• Data shown:
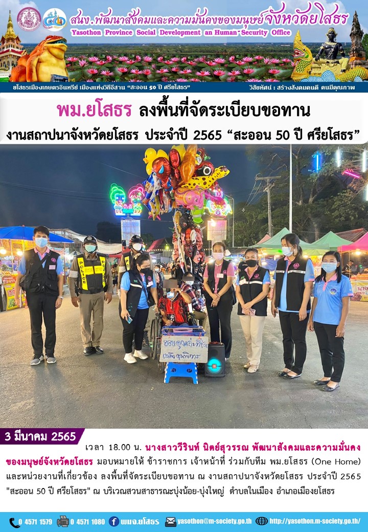 พม.ยโสธร ลงพื้นที่จัดระเบียบขอทาน งานสถาปนาจังหวัดยโสธร ประจำปี 2565 "สะออน 50 ปี ศรียโสธร" (3 มีนาคม 2565)
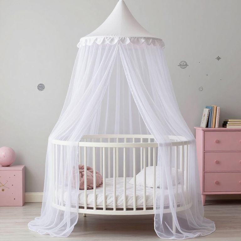White crib netting gracefully drapes over a round baby bed, creating a whimsical dome canopy that combines functionality with fantasy, complemented by soft bedding and a pastel-pink dresser adorned with books and celestial decals in the background.
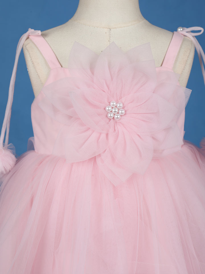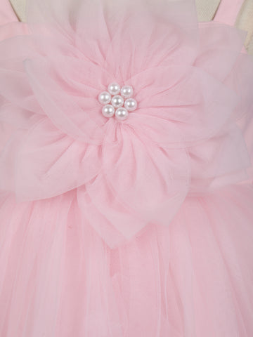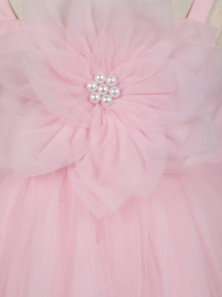 Let your little one shine bright in this Pink Floral Embellishment Design Net Frock, a dreamy creation made for celebrations and special moments. Crafted from soft net fabric with a smooth satin lining, this frock combines elegance, comfort, and playful charm in one delightful ensemble.
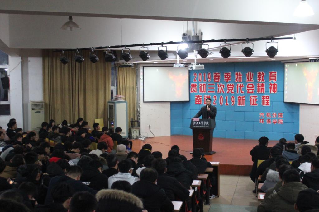 围绕“立德树人,建设中国特色高水平高职院”主题,2019年2月24日晚上,汽机分院在阶梯教室举行“贯彻三次党代会精神,奋进2019新征程”为主题的秋季始业教育。到场人员有汽机分院书记吴学亮老师,经理助理李晓星老师,辅导员周全老师、黄丹华老师、2017、2018级班主任和班级同学。
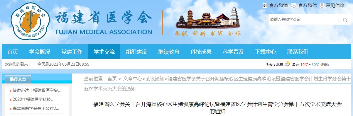 福建省医学会计划生育学分会第十五次学术交流大会通知
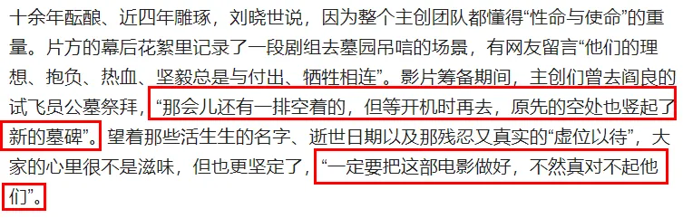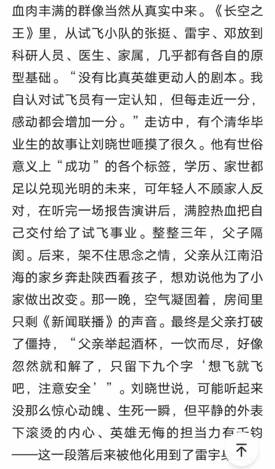 由刘晓世执导,王一博、胡军领衔主演,周冬雨特别主演的影戏《长空之王》定档4月28日,近来开启了首映宣传,日子恰好在中国航天日的前一天,可见专心。 在相识影戏口碑之前,想给各人看一段有关《长空之王》的幕后报道: 导演刘晓世在专访中提到,他在影片准备期间,去试飞员的公墓祭拜过,比及开机的时间剧组又一起去了墓园吊唁,发现原来有一排空着的地方,也都竖起了新的墓碑,影戏中也有场景显现。 《长空之王》的主角团是试飞员,即专门担当飞机飞行试验使命的飞机驾驶员,有关试飞员的先容中,有这么一句话:“试飞员必须具有熟练的驾驶技能、较高的理论水平和献身精神”,《长空之王》乐成将这句话具象化出现,打击力比笔墨更猛烈。 ——以凡人之躯寻衅机器极限,正是试飞员的浪漫与寻求。 首映竣事后,不少观众反馈本身说本身“哭崩了”,影戏后半段,也总有身边人反复拭泪,这种有笑有泪的口碑评价,似乎再难吸引观众,但是确实是现场观影的真实感受,能让观影人共情的影戏,一定有本身的独到之处,《长空之王》一部航空题材影戏,所展示的三大泪点,是让每个身处这片地皮上的平凡人都能了解到的感动。 家国情怀、父母亲情另有国之重器的震撼,三大泪点总有一处能让你鼻酸。 《长空之王》接纳循规蹈矩的方式,举行了情绪推进,没有会合式煽情,不经意间,演员的一个动作、一句台词;镜头的一个定格、一个转换,就能戳中民气田中最柔软的部门。 有人看过《长空之王》再看到飞机破空,会含泪,由于他知道了银翼划过天空那一刹时,有试飞员们的付出,和试飞员的家人们的忐忑期待。 有人看过《长空之王》再听到飞机轰鸣,会含泪,由于他知道了龙吟响彻云霄那一刹时,有试飞员的捐躯,和一代又一代航天人的服从对峙。 《长空之王》前半段,用一样平常细节让荧幕前的观众和每一个脚色都熟悉了起来,他们就像生存中会遇见的平凡人,像朋侪像同事,像能在街上擦肩而过的鲜活生命,随着故事发展,看着他们一个个站出来要求试新飞机,豪杰与平凡人在那一刻重叠——就像观众说的,他们是豪杰,也是儿子、父亲和爱人。 影戏中,针对胡军扮演的队长张挺的家庭描画,惆怅立体,几个情节就丰满了人设。 王一博扮演的男主角雷宇,他由飞行员转试飞员,导演刘晓世也提到,《长空之王》大巨微小的脚色,险些都有原型,但与其他有原型的影戏差别,整部影戏并没有会合一个原型陈诉,而是驻足于每个原型的感动之处。 雷宇这个脚色,就化用了一位清华结业生的履历——掉臂家人反对,放弃学历和家世光环,一场陈诉演讲,就让一个天之骄子毅然决然投身试飞行业,导致了长达三年时间的父子隔阂,父子二人再见面,是从江南到陕西的高出了几千公里的思子之情,父亲心底是期盼儿子回到身边的惦记,但开口却是:“想飞就飞吧,留意安全”。 固然,假如《长空之王》只陈诉各人和小家的故事,难免落入俗套,以是别忘了第三个泪点,也是《长空之王》最大的亮点之一,痛惜偏偏很难用笔墨形貌——说工业化,以为枯燥;谈国之重器,又以为笼统;聊技能发展,照旧以为不敷触动。 末了只能说,《长空之王》的殊效画面与飞行场景展示,极其恰当大荧幕观看,实现了大概引发生理性堕泪的视听结果——有笑有泪,不是说说而已。 本文未经授权严禁转载违者必究! |
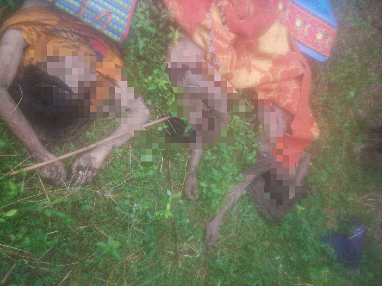 ဓါတ်ပုံ- စစ်ကောင်စီမှ အင်းဒရန့်ကျေးရွာနဲ့ ပုလွေရွှေကျေးရွာ ဒေသခံများအား သတ်ဖြတ်ထားစဉ်။
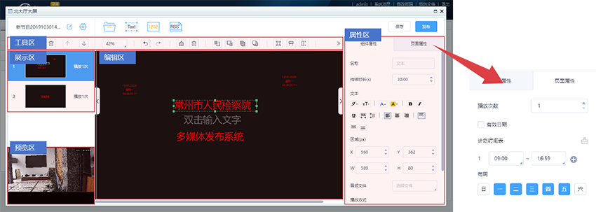 屬性區(qū):設(shè)置展示素材的屬性,文字,圖片,以及頁面屬性等;設(shè)置內(nèi)容的播放方式,如輪播、定時播放、互動播放等,并可以控制播放的進(jìn)度和暫停/繼續(xù)。
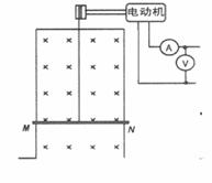 20.如图所示,电动机牵引一根原来静止的、长L为1m、质量m为0.1kg的导体棒MN上升,导体棒的电阻R为1Ω,架在竖直放置的框架上,它们处于磁感应强度B为1T的匀强磁场中,磁场方向与框架平面垂直。当导体棒上升h=3.8m时,获得稳定的速度,此过程中导体棒上产生的热量为2J,电动机牵引棒时,电压表、电流表的读数分别为7V、1A,电动机内阻r为1Ω,不计框架电阻及一切摩擦,求:
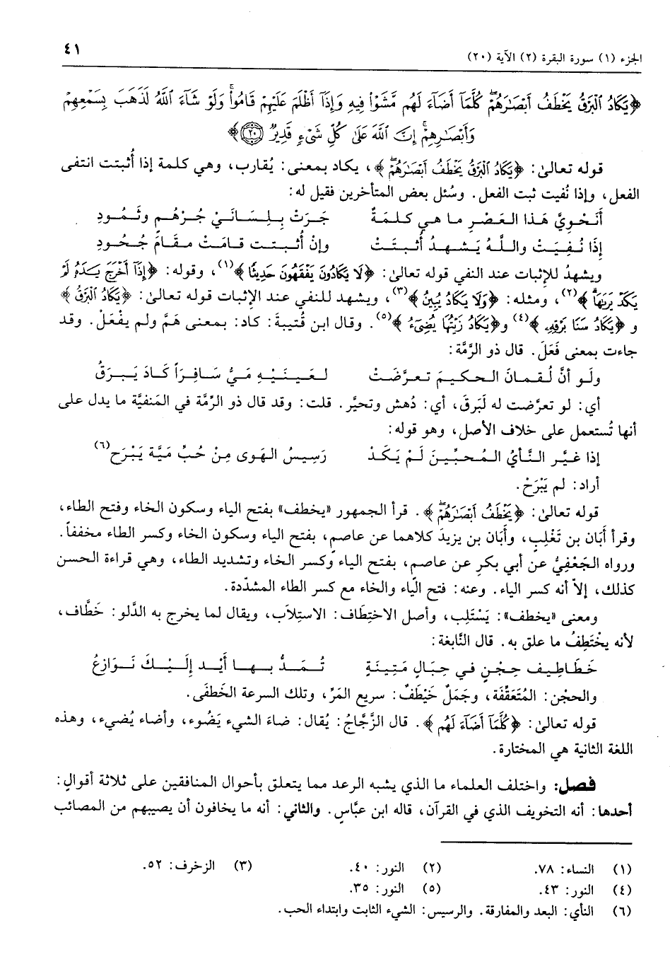 يَكادُ الْبَرْقُ يَخْطَفُ أَبْصارَهُمْ كُلَّما أَضاءَ لَهُمْ مَشَوْا فِيهِ وَإِذا أَظْلَمَ عَلَيْهِمْ قامُوا وَلَوْ شاءَ اللَّهُ لَذَهَبَ بِسَمْعِهِمْ وَأَبْصارِهِمْ إِنَّ اللَّهَ عَلى كُلِّ شَيْءٍ قَدِيرٌ (20)
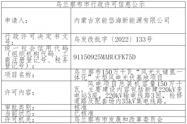 1、烏蘭察布岱海發(fā)電150萬千瓦風光火儲氫一體項目
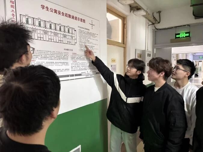 活动中,学院自律会成员结合高校火灾实例,为同学们系统讲解宿舍消防注意事项,重点剖析了电器火灾、疏散通道堵塞等常见隐患,强调“生命通道”保持畅通的极端重要性,提醒大家自觉做到不堆放杂物、不违规用电,从源头杜绝安全风险。随后,工作人员现场展示了应急照明灯、火灾报警器等宿舍常见消防设施,演示了日常自查与报警方法,鼓励同学们主动关注身边消防设备状态,发现问题及时反馈,确保应急设施随时可用。

• Work request: In the answer, retype exactly and only the lines from the one holding "20.如图所示,电动机牵引一" through the end of the listing, keeping both ends and dropping every picture.

• Response to the exercise:
 20.如图所示,电动机牵引一根原来静止的、长L为1m、质量m为0.1kg的导体棒MN上升,导体棒的电阻R为1Ω,架在竖直放置的框架上,它们处于磁感应强度B为1T的匀强磁场中,磁场方向与框架平面垂直。当导体棒上升h=3.8m时,获得稳定的速度,此过程中导体棒上产生的热量为2J,电动机牵引棒时,电压表、电流表的读数分别为7V、1A,电动机内阻r为1Ω,不计框架电阻及一切摩擦,求:
 يَكادُ الْبَرْقُ يَخْطَفُ أَبْصارَهُمْ كُلَّما أَضاءَ لَهُمْ مَشَوْا فِيهِ وَإِذا أَظْلَمَ عَلَيْهِمْ قامُوا وَلَوْ شاءَ اللَّهُ لَذَهَبَ بِسَمْعِهِمْ وَأَبْصارِهِمْ إِنَّ اللَّهَ عَلى كُلِّ شَيْءٍ قَدِيرٌ (20)
 1、烏蘭察布岱海發(fā)電150萬千瓦風光火儲氫一體項目
 活动中,学院自律会成员结合高校火灾实例,为同学们系统讲解宿舍消防注意事项,重点剖析了电器火灾、疏散通道堵塞等常见隐患,强调“生命通道”保持畅通的极端重要性,提醒大家自觉做到不堆放杂物、不违规用电,从源头杜绝安全风险。随后,工作人员现场展示了应急照明灯、火灾报警器等宿舍常见消防设施,演示了日常自查与报警方法,鼓励同学们主动关注身边消防设备状态,发现问题及时反馈,确保应急设施随时可用。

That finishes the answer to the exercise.